BEGIN Supplied information

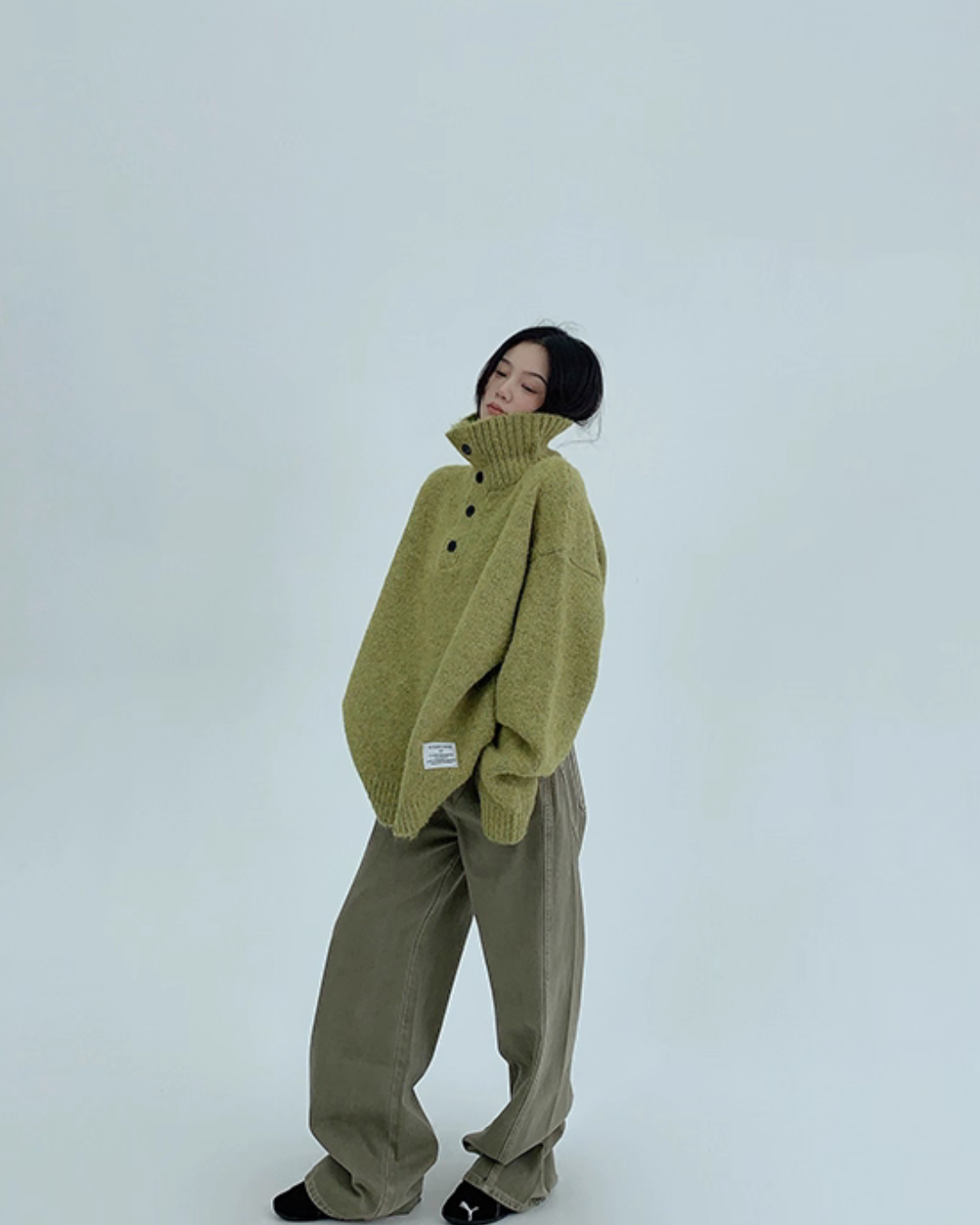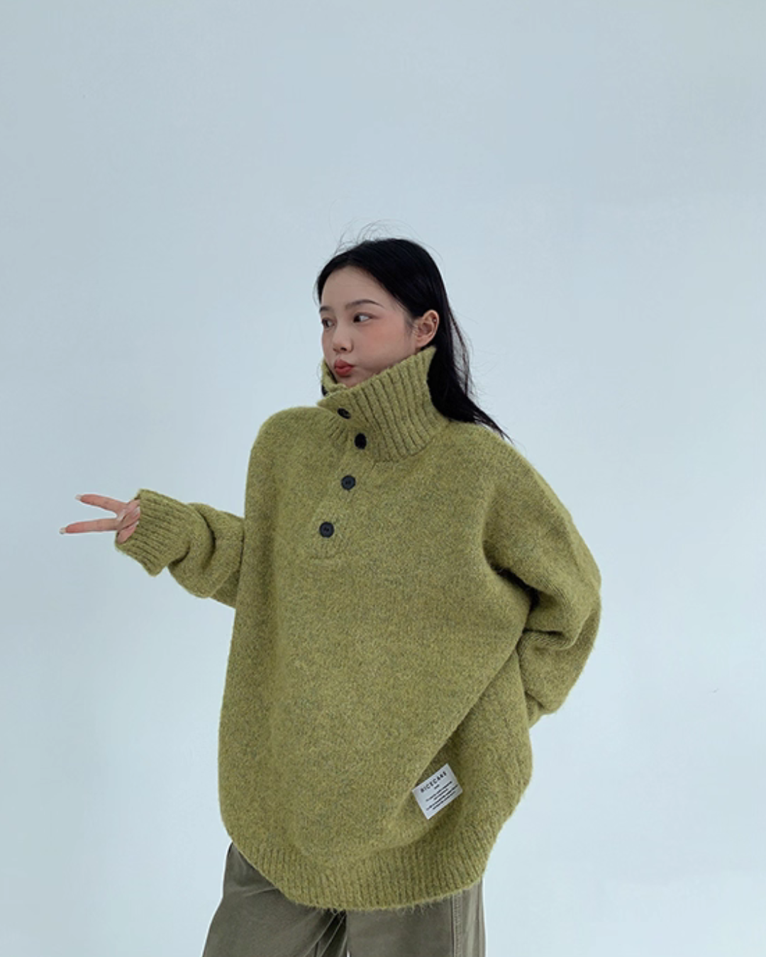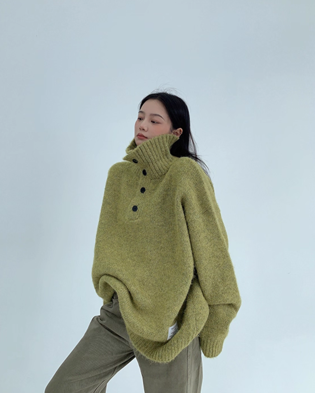 A knit top made of fluffy knit material that provides a soft wearing experience.
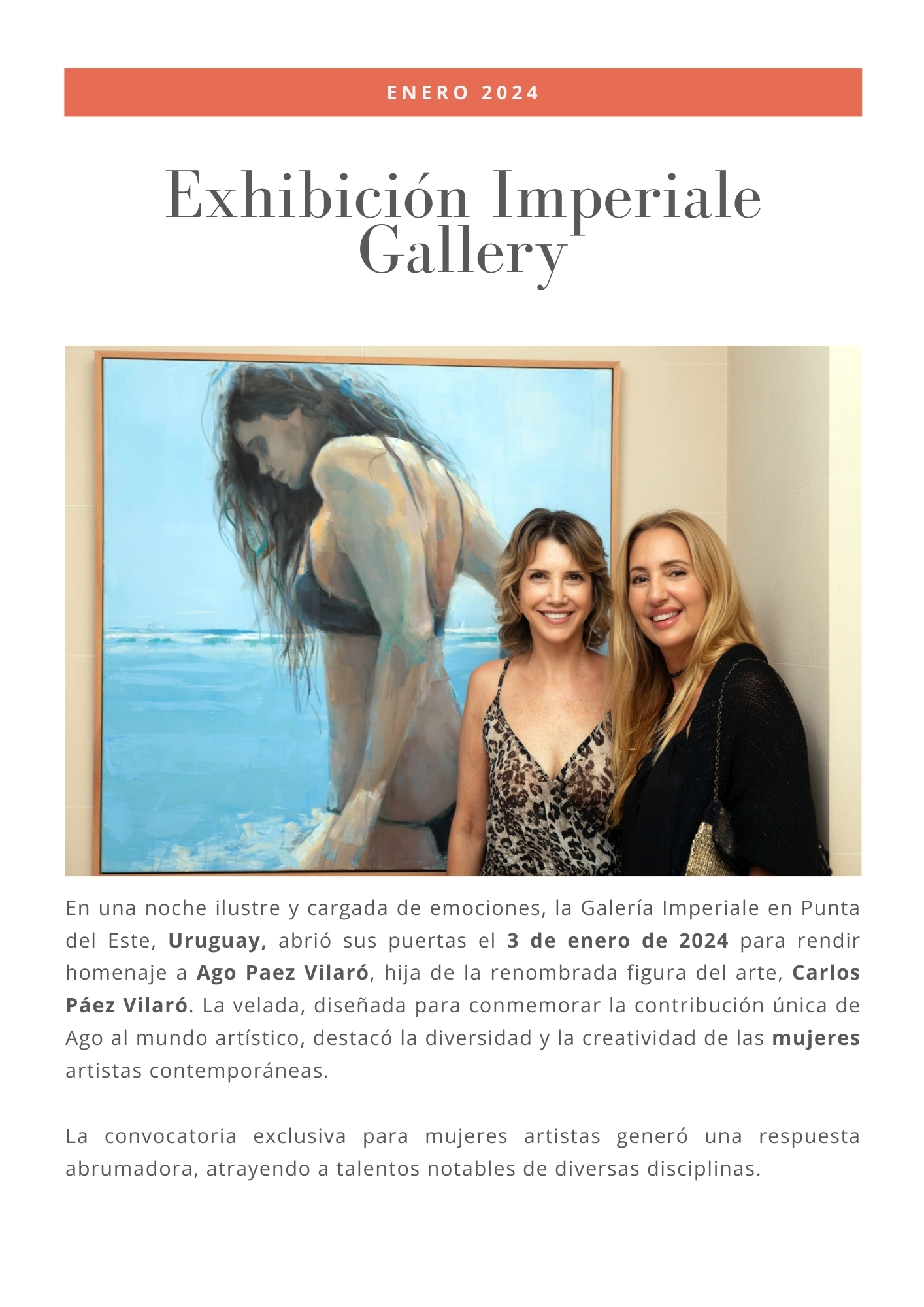 En una noche ilustre y cargada de emociones, la Galería Imperiale en Punta del Este, Uruguay, abrió sus puertas el 3 de enero de 2024 para rendir homenaje a Ago Paez Vilaró, hija de la renombrada figura del arte, Carlos Páez Vilaró. La velada, diseñada para conmemorar la contribución única de Ago al mundo artístico, destacó la diversidad y la creatividad de las mujeres artistas contemporáneas.
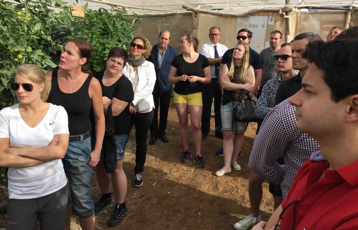 Am zweiten Tag zog die Delegation zu den Ernten der Bonny-Gruppe im Südosten von Gran Canaria. Die Expedition besuchte je nach Ausrichtung des Anbaugebiets eine Vielzahl von Gewächshäusern und Strukturen. Auch, Umzug in die Entsalzungsanlage der Bonny-Gruppe, Wind angetrieben, um die Bewässerung der Pflanzen zu versorgen.
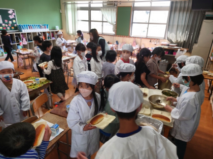 今日は、新しい学年になって初めての給食です。
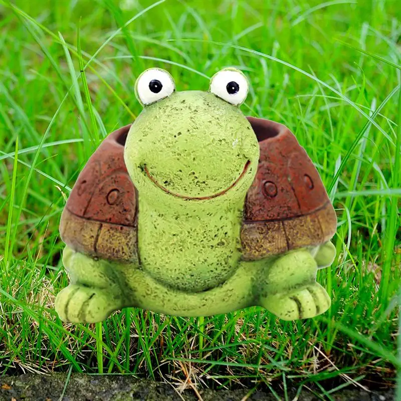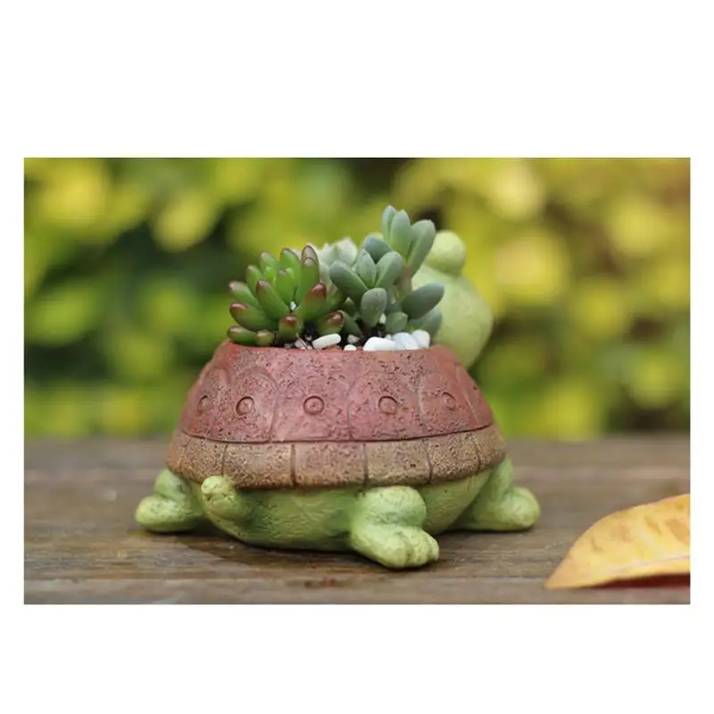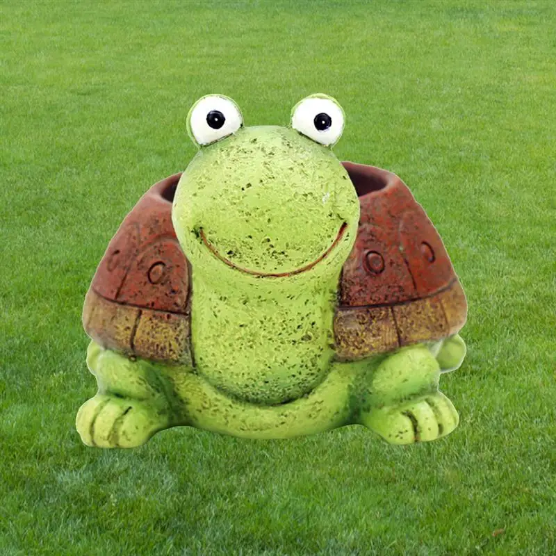 This item is a resin flower pot in the shape of cartoon animal. It is strong, odorless and drop resistant. The turtle looks funny, laying on its stomach and eyes aiming at front. Vivid facial expression makes it a good decoration suitable for home and office.
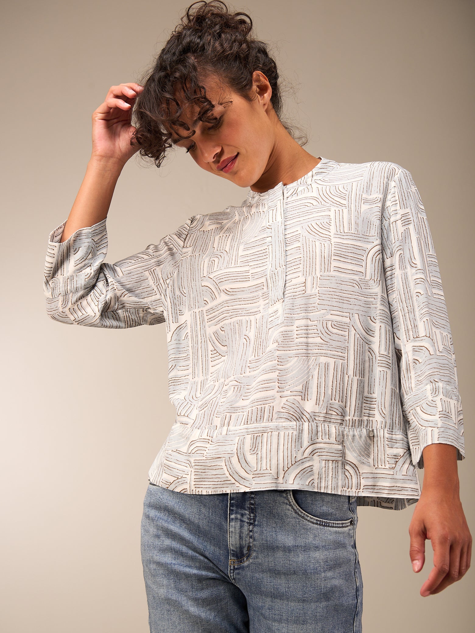 Slightly cropped, boxy blouse with a stand-up collar, short concealed button placket and straight 3/4-length sleeves. The matching hand-drawn all-over print and the soft, flowing, opaque material round off the blouse's look.
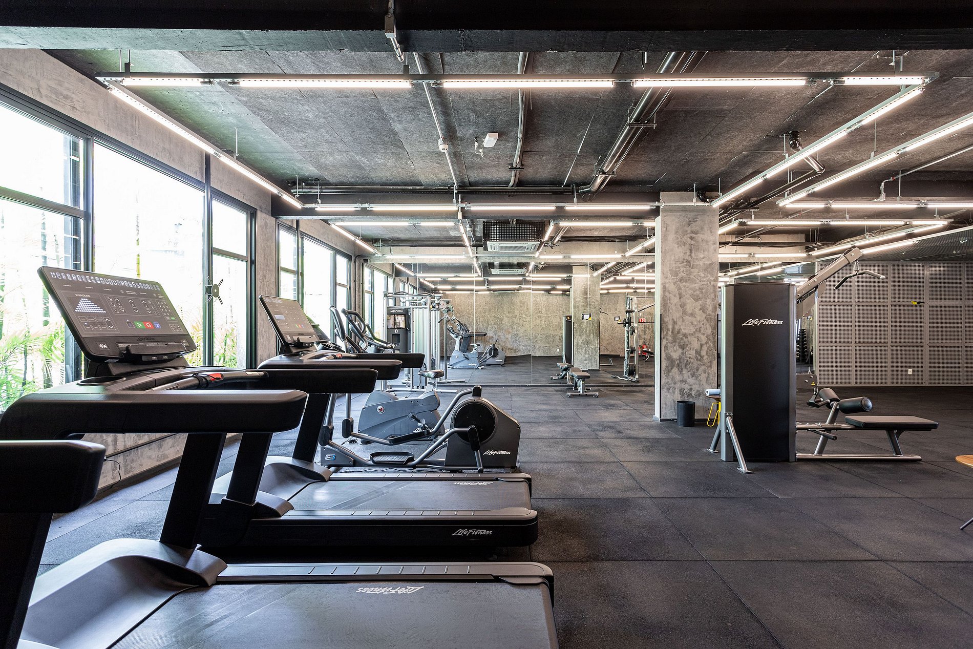 - Academia (06h às 22h, andar térreo, equipada com esteiras, bicicleta ergométrica, banco reclinável e alguns equipamentos de musculação)

END Supplied information

Could you reproduce exactly the lines from the one containing "今日は、新しい学年になって初めての給食です。" through the last line of the records, both included, leaving out the pictures?

 今日は、新しい学年になって初めての給食です。
 This item is a resin flower pot in the shape of cartoon animal. It is strong, odorless and drop resistant. The turtle looks funny, laying on its stomach and eyes aiming at front. Vivid facial expression makes it a good decoration suitable for home and office.
 Slightly cropped, boxy blouse with a stand-up collar, short concealed button placket and straight 3/4-length sleeves. The matching hand-drawn all-over print and the soft, flowing, opaque material round off the blouse's look.
 - Academia (06h às 22h, andar térreo, equipada com esteiras, bicicleta ergométrica, banco reclinável e alguns equipamentos de musculação)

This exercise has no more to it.